# First Keeper Snook (shame not season)



## SnapperHunter26 (Apr 28, 2009)

Was fishing at a bridge in South Palm Beach county, for snapper, using frozen mullet halves, on a sliding sinker rig, with a 4oz bank sinker 50lbs flouro leader and 4/0 circle hook, on a torium 30 (my mutton setup). This baby decided she wanted it more then a mutton did...nice fight too...to bad it's not snook season...she was 31.5" T/L...

Here is a pic, snapped a quick pic and released her! Didn't want to, but I am a man of the law, so gotta do whats right!


----------



## GreenFord (Apr 11, 2009)

Congrats on the snook nice fish!


----------



## SnapperHunter26 (Apr 28, 2009)

thanks


----------



## adp29934 (Dec 30, 2008)

Nice feesh!


----------



## SnookMook (Jan 7, 2004)

SH--Way to go, nice fish man! Next time try to hold those big snook your going to release in a horizontal position for a photo.


----------



## SnapperHunter26 (Apr 28, 2009)

SnookMook said:


> SH--Way to go, nice fish man! Next time try to hold those big snook your going to release in a horizontal position for a photo.


Yeah I thought about that after I revived her....she swam away fine though. I swear....it never fails...When I try to catch a snook, I can't catch one, when I try to catch a mutton, I catch a snook!  Oh well, not complaining to much, it's been a while since I felt a pull like that on my torium!!


----------



## adp29934 (Dec 30, 2008)

SnookMook said:


> Next time try to hold those big snook your going to release in a horizontal position for a photo.


Sorry if this is a stupid question, but is holding the fish horizontally easier on the fish?


----------



## emanuel (Apr 2, 2002)

adp29934 said:


> Sorry if this is a stupid question, but is holding the fish horizontally easier on the fish?
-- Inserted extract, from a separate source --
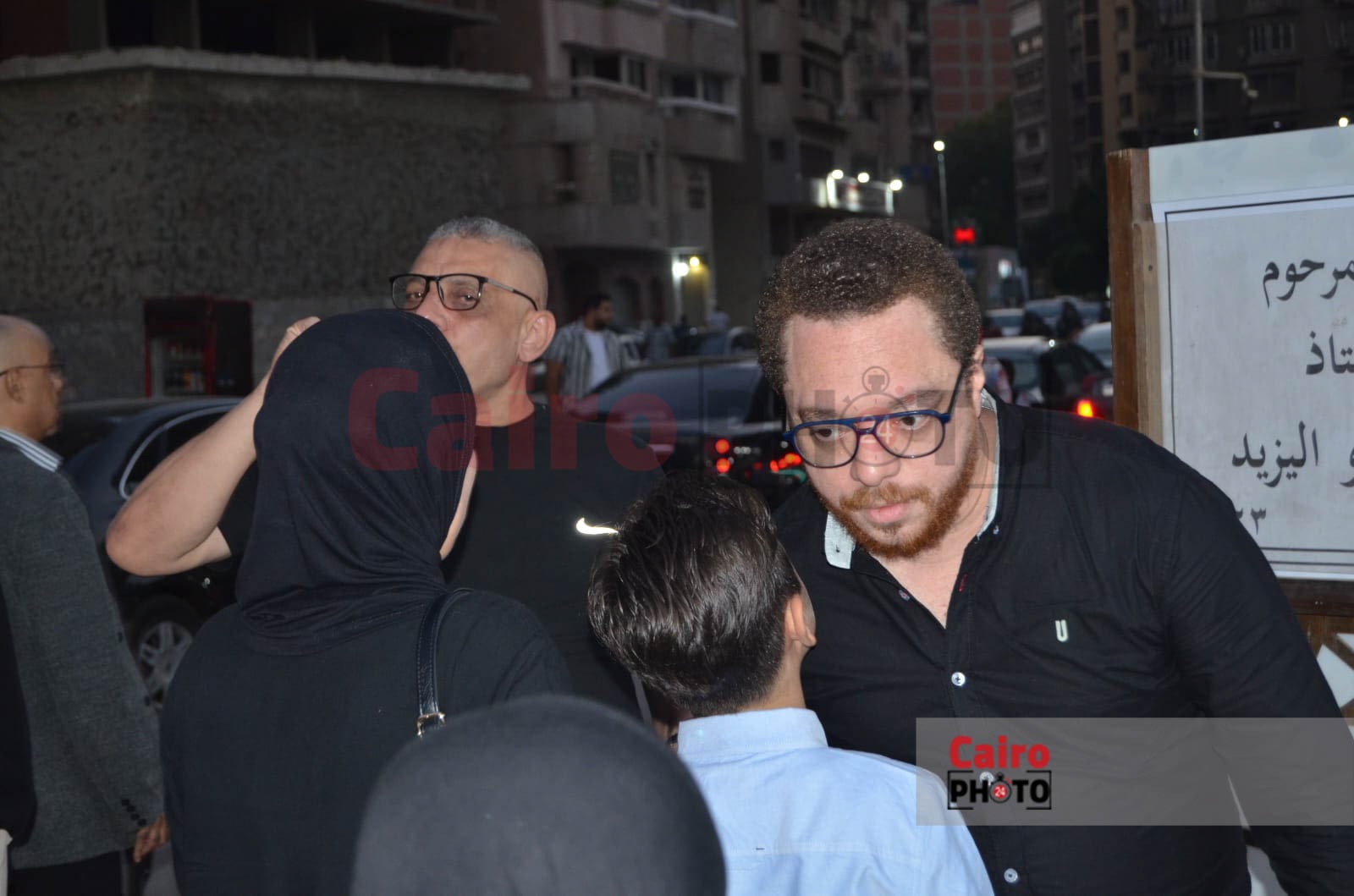 مصطفى كامل وحلمي عبد الباقي أول الحضور في عزاء المايسترو محمد أبو اليزيد بمسجد الحامدية الشاذلية بالمهندسين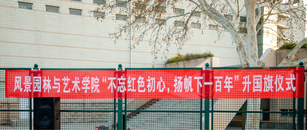 7时整,升国旗仪式正式开始。随着朝阳冉冉升起,国旗护卫队迈着铿锵的步伐走向国旗台。雄壮的《义勇军进行曲》奏响,全院师生肃穆而立,高唱国歌,庄严注视着鲜艳的五星红旗徐徐展开,向国旗行注目礼。院长田国行在升旗仪式讲话中强调,在建党一百年和建院一周年的重要节点上,景艺学院全体师生要学习英雄们对党忠诚、矢志报国的崇高品格和不怕困难、英勇顽强的战斗精神,厚植爱国主义情怀,勇担时代责任,以全新的面貌、昂扬的姿态迎接新的困难、攻破新的挑战,展现景艺风采,创造出新的成绩。学生代表,2019级环境艺术设计3班的、中国人民解放军火箭军96712部队退役复学的王雪梅同学深情发言,她首先分享了自己两年绿色军营的生活经历和成长收获;并倡议,作为新时代青年,要夯实专业基础、练就过硬本领,坚定理想信念、勇于担当,直面前进过程中可能出现的困难和挑战,为祖国的建设贡献自己的青春力量。

Yes, it puts less stress on their internal organs.


----------



## DVO (Mar 22, 2004)

Congratulation on your catch - That snook must be very hungry man. He ate a DEAD shrimp and 4oz sinker 2 feet in front - I never heard of it before.


----------



## SnookMook (Jan 7, 2004)

adp29934 said:


> Sorry if this is a stupid question, but is holding the fish horizontally easier on the fish?


There is also quite a bit of research which indicates vertical suspension damages their jaw musculature and such. Between the internal organs and the jaw research, I'd just assume give them the benefit of the doubt.


----------